History of Alternate Dispute Resolution Legislations in India

Initial steps were taken place during British period for institutionalizing the alternative
dispute mechanisms by way of enacting the following legislations:
The Bengal Regulation Act 1772 The Act directed all parties in cases of disputed
accounts to submit their cases to arbitrators and whose decision shall be deemed to be a
decree and be treated as final.
The Regulation Act, 1781 This Act recommended judges to direct parties to approach a
mutually agreed person to settle the disputes among them. Award of the arbitrator could
not be set aside unless there were two witnesses that the arbitrator had committed gross
errors or was partial to a party.
The Regulation of 1787 laid down rules for referring suits to arbitration with the consent
of the parties. However there was no detailed provision to regulate the arbitration
proceedings.
Regulation XXVII of 1814 authorized Vakils to act as arbitrators, removing an age-old
bar on their acting as such.
Bengal Regulation VII of 1822 authorized Revenue Officers to refer rent and revenue
disputes to arbitrators and called upon Collectors to do the same.
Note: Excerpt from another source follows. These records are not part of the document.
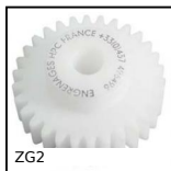
ZG2 Ingranaggio dritto in plastica, Plastica lavorata (delrin)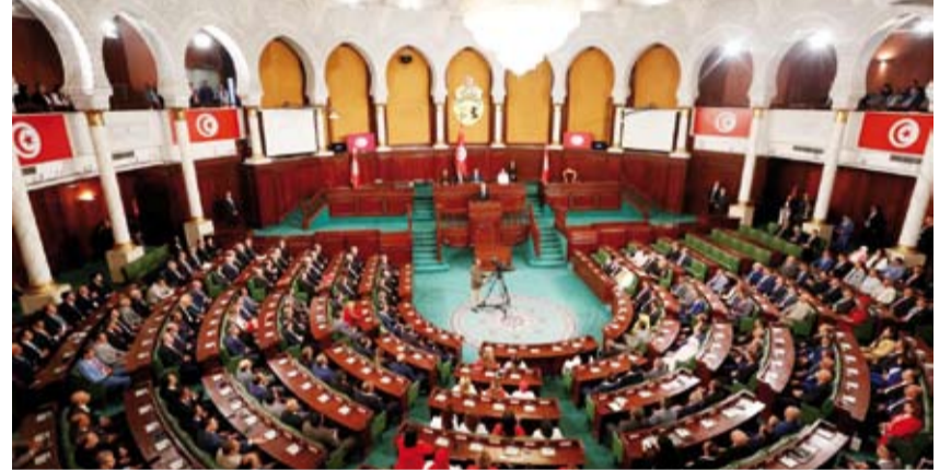
من جلسة البرلمان التونسي

أقر البرلمان التونسي، بالغالبية تعديلاً لقانون العمل، يمتع بموجبه توقيع عقود بالمناولة (الباطن)، والعقود المحددة بفترة زمنية، وهو أحد أبرز المشاريع السياسية للرئيس قيس سعيد، وسط انتقادات لدى جوداه في تنشيط اقتصاد البلاد المتعثر. نص القانون الجديد، الذي يباشر البرلمان التونسي مناقشته، على منع العقود المحددة الزمن، وتحويلها إلى عقود من دون سقف زمني، مع فترة تجريبية تدوم 6 أشهر، تمدد لمرّة واحدة، وأيد القانون 121 نائباً، بينما تحفظ عليه 4 نواب بحسب ما أورد تقرير لوكالة الصحافة الفرنسية.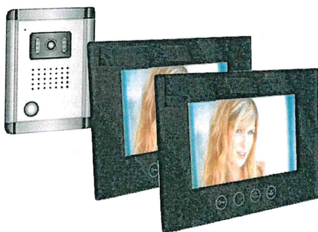
Ilustrační foto videotelefonu

Videotelefon s dotykovým ovládáním a s barevnou kamerou s nočním přísvitem v provedení antivandal, barevným monitorem LCD min. rozměr displeje 8 palců, s ovládáním el. pohonu dvoukřídlé brány a zámku vstupní branky (monitor umístěný na vrátnici), umístění kamery videotelefonu s mikrofonom na sloupu u vstupní branky;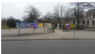
Eingangsbereich Park Herrenbreite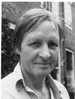
Bernhard Waldenfels, Ruhr-Universität Bochum, Tyskland

Artikeln är ett illustrativt exempel på den fenomenologiska metoden att genom observationer, iakttagelser och reflexioner nå en vidgad insikt, i detta fallet om vår syn på, vårt förhållande till och vårt varande i landskapet. Den har tidigare varit publicerad som "Gänge durch die Landschaft" i In den Netzen der Lebenswelt (Suhrkamp, Frankfurt am Main 1985).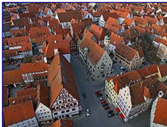
Nördlingen , o local das cenas finais do filme.

As filmagens tiveram início em 30 de abril e foram finalizadas em 19 de novembro de 1970.

The Bombay Presidency Regulation of 1827 facilitated amicable adjustments of
disputes of civil nature by means of arbitration.
The Code of Civil Procedure, 1859 Section 312 to 327 permitted references to
arbitration in pending suits, and the procedure for arbitration was explained under sections
313 to 325. It provided for arbitration without the intervention of courts.
Indian Contract Act 1872 This Act recognizes arbitration as an exception to Section 28,
where it says that, an agreement in restraint of legal proceedings is void. The Act
recognizes an agreement made to refer to arbitration, present as well as future disputes.
Indian Arbitration Act 1940 It was based upon the English Arbitration Act, 1934. This
Act made provision for: (a) arbitration without court intervention (b) arbitration in suits i.e.
arbitration with court intervention in pending suits and (c) arbitration with court
intervention, in cases where no suit was pending before the court.